The Taliban have come full circle after being toppled from power by a US-led invasion in the wake of the September 11, 2001 attacks.

The group has pledged not to seek revenge against opponents and to respect women's rights, but the international community is sceptical about those promises.

As the Taliban moves to put a government in place, leader Haibatullah Akhundzada has ordered the release of "political detainees", telling provincial governors to free them "without any restrictions or conditions", the group said.

Taliban negotiator Anas Haqqani met with Hamid Karzai, the first Western-backed leader of Afghanistan after the Taliban's ouster in 2001, and Abdullah, who had led the government's peace council, the SITE monitoring group said.

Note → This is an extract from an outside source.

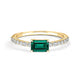 Celebrate love with the this Toi et Moi Promise Ring, a stunning expression of commitment and sustainability. This unique open-ring design features a marquise-shaped lab-grown diamond (0.12ct) and a beautiful emerald-cut lab-grown emerald (2.5x5mm), each prong set to enhance their brilliance and natural beauty.

Ghani – who was in the United Arab Emirates, which said it was hosting him and his family "on humanitarian grounds" – said he wanted those negotiations to be a "success".

READ MORE: Western governments branded "morally bankrupt" for abandoning Afghan staff

Protests and gunfire 

Taliban spokesman Zabihullah Mujahid said Tuesday that the new regime would be "positively different" from their 1996-2001 stint, which was infamous for deaths by stoning, girls being banned from school and women from working in contact with men.

But while the Taliban leadership tried to project a new image, video footage shot by local agency Pajhwok Afghan News showed protesters in the eastern city of Jalalabad who were carrying the Afghan flag fleeing with the sound of gunshots in the background.

Local media said the residents were protesting the removal of the flags in favour of those of the hardline movement.

READ MORE: Taliban face first challenge as people come out with Afghan flags

And residents in Bamiyan reported that a statue of Hazara leader Abdul Ali Mazari, killed by the group in the 1990s, had been decapitated.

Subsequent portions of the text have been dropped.